Earth’s water could come from asteroids, Hayabusa 2 samples suggest

New Ryugu asteroid sample findings

The Hayabusa-2 mission’s goal was to investigate an asteroid that could potentially shed new light on the early formation of the Solar System. Now, new studies are starting to emerge based on investigations and analyses of the Ryugu samples collected by JAXA.

In a new paper published in the journal Nature Astronomy, scientists said the samples suggest asteroids may have been one of the primary sources of water during the Earth’s early formation. “Ryugu particles are undoubtedly among the most uncontaminated Solar System materials available for laboratory study, and ongoing investigations of these precious samples will certainly expand our understanding of early Solar System processes,” the study explains.

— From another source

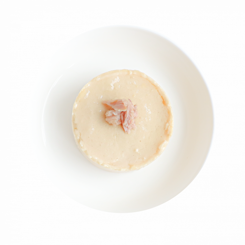 مرق السمك والماء دجاج، قطع سمك التونة ، زيت فول الصويا ، التونة ، عامل زيادة الكثافة ، الفيتامينات والمعادن ، عامل التبلور ، زيت السمك ، التورين ، الملح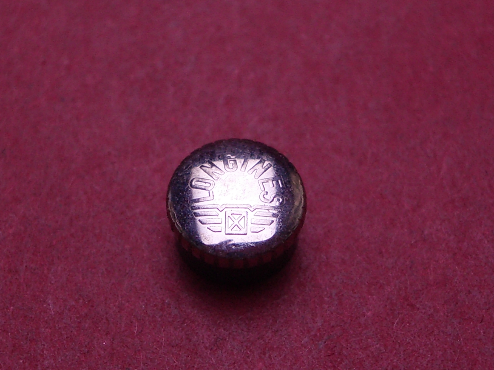 Longines Krone, Stahl/gebläut, Ø 6,6mm, Höhe 4,1mm, NOS (New Old Stock)

In June, another study highlighted organic material found on Ryugu, suggesting the building blocks of life, amino acids, may have come from asteroids.

In the new study, published Monday, August 15, the scientists wrote that “volatile and organic-rich C-type asteroids may have been one of the main sources of Earth’s water. The delivery of volatiles (organics and water) to the Earth is still a subject of notable debate.”

Crucially, the organic materials discovered “in Ryugu particles, identified in this study, probably represent one important source of volatiles.” The scientists say these materials may have had an “outer Solar System origin,” though they concede that they were “unlikely to be the only source of volatiles delivered to the early Earth.”